→ EXERCISE DESCRIPTION
Write out, exactly and only, the lines that run from the top of the records to the line with "联邦政府将会禁止持有457签证的外国人在快餐行业工作!". Include both ends; exclude pictures.

[Start of section]

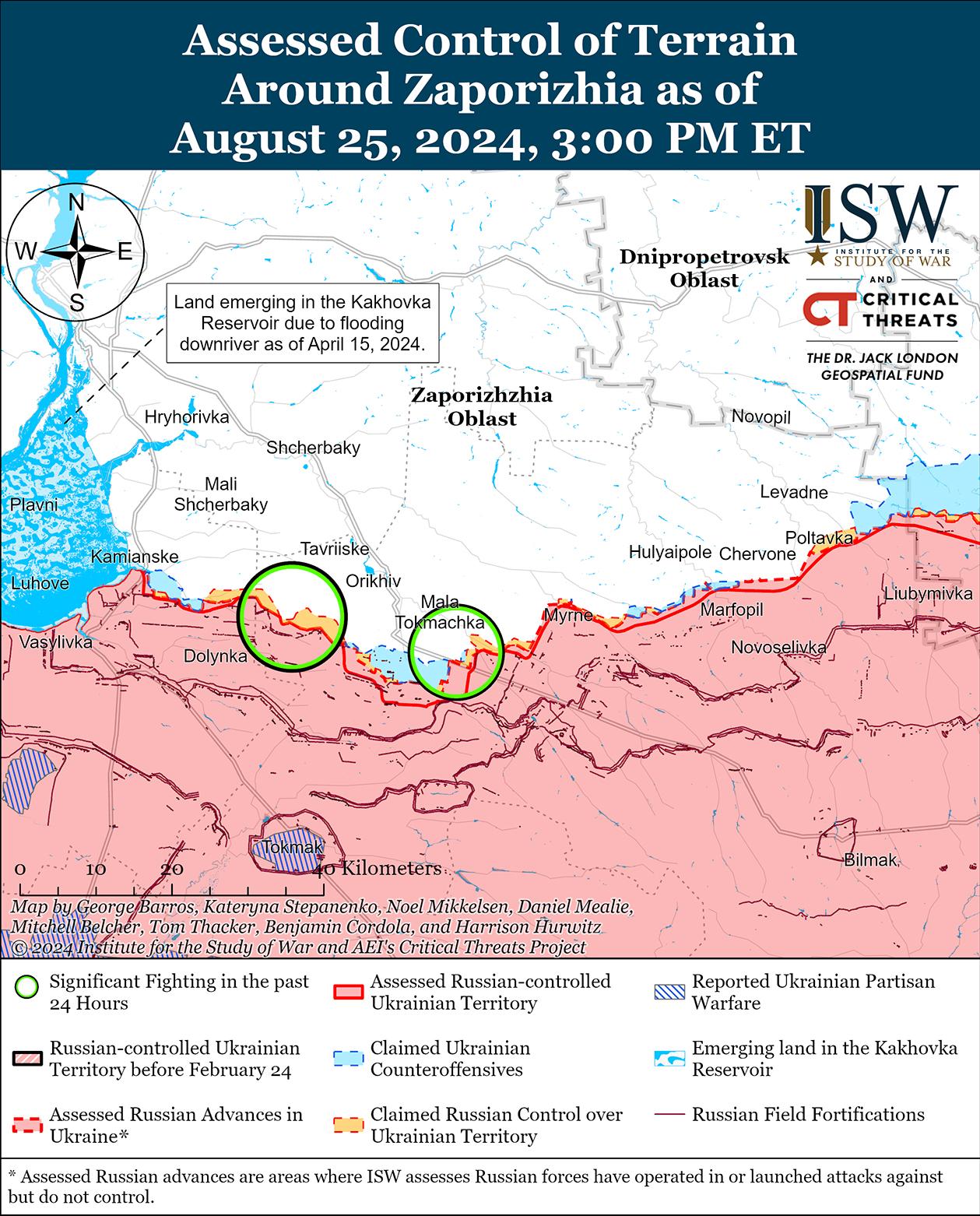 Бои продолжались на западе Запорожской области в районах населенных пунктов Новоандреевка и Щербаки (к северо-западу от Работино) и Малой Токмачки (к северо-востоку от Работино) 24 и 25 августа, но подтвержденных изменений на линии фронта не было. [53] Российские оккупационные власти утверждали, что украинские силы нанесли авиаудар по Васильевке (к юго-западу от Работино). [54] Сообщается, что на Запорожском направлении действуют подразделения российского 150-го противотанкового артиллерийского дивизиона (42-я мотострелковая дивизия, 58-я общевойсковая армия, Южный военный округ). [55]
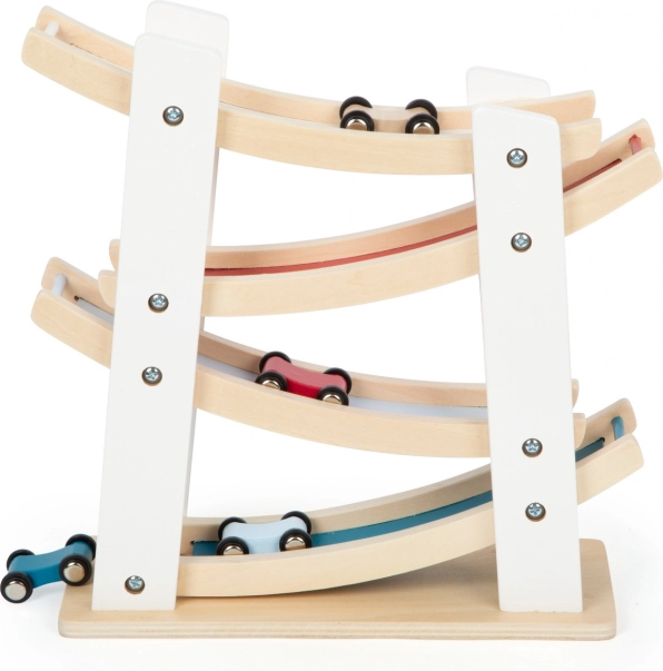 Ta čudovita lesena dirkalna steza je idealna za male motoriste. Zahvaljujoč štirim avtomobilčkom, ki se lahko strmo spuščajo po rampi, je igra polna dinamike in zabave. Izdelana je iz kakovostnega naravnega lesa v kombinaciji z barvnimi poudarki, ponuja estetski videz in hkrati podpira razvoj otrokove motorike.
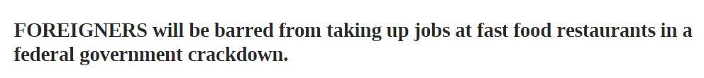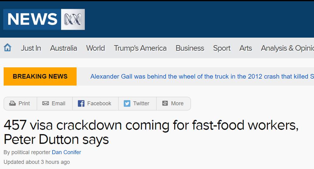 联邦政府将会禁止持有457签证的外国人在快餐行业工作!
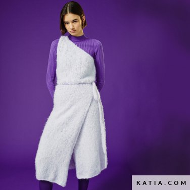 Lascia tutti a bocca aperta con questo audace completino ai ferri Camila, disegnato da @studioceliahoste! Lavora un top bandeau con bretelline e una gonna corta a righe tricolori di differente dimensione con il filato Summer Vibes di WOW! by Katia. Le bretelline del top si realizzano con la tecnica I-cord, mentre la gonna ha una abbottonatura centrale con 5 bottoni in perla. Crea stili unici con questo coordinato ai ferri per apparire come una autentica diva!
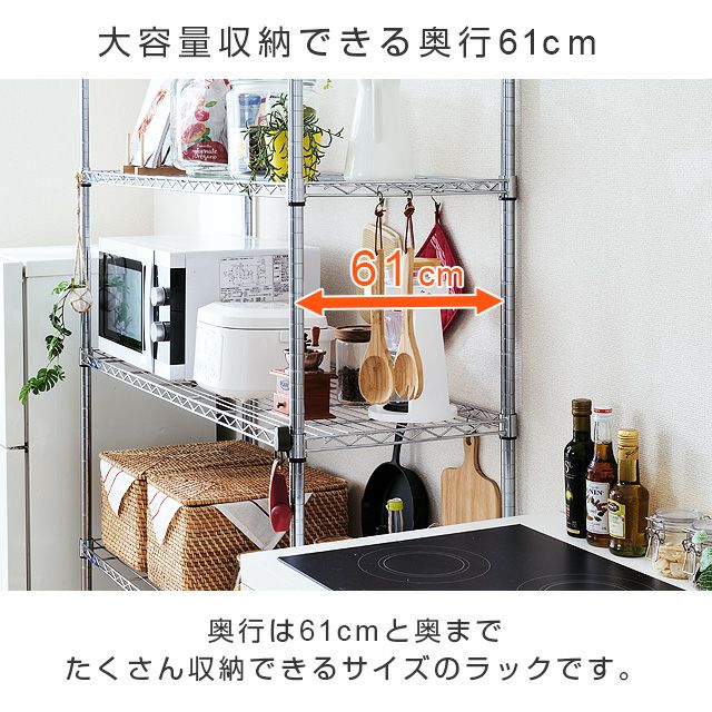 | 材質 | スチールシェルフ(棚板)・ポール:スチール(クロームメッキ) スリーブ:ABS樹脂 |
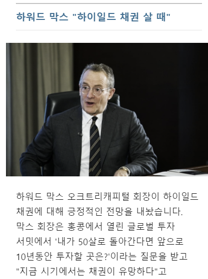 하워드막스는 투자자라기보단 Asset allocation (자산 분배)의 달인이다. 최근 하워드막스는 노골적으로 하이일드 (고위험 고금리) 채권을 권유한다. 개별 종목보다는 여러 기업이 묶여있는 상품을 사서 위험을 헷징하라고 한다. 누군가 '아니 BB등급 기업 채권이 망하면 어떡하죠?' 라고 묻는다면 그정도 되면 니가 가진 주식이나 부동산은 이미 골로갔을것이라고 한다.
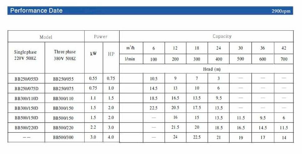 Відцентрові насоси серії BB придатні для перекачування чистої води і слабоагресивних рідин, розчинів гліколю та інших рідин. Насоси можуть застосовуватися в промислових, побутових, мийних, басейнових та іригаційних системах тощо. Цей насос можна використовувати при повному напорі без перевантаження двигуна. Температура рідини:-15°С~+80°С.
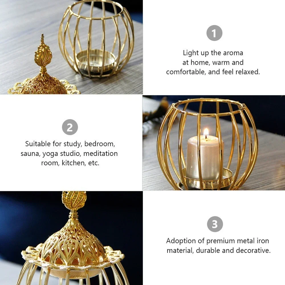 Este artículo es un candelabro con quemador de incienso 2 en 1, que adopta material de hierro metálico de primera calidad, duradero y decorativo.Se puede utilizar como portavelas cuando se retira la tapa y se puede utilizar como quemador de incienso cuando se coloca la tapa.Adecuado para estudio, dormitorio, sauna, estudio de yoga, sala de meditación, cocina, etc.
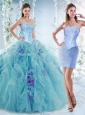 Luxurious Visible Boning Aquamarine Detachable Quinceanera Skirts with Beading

[End of section]

→ EXPECTED OUTPUT
 Бои продолжались на западе Запорожской области в районах населенных пунктов Новоандреевка и Щербаки (к северо-западу от Работино) и Малой Токмачки (к северо-востоку от Работино) 24 и 25 августа, но подтвержденных изменений на линии фронта не было. [53] Российские оккупационные власти утверждали, что украинские силы нанесли авиаудар по Васильевке (к юго-западу от Работино). [54] Сообщается, что на Запорожском направлении действуют подразделения российского 150-го противотанкового артиллерийского дивизиона (42-я мотострелковая дивизия, 58-я общевойсковая армия, Южный военный округ). [55]
 Ta čudovita lesena dirkalna steza je idealna za male motoriste. Zahvaljujoč štirim avtomobilčkom, ki se lahko strmo spuščajo po rampi, je igra polna dinamike in zabave. Izdelana je iz kakovostnega naravnega lesa v kombinaciji z barvnimi poudarki, ponuja estetski videz in hkrati podpira razvoj otrokove motorike.
 联邦政府将会禁止持有457签证的外国人在快餐行业工作!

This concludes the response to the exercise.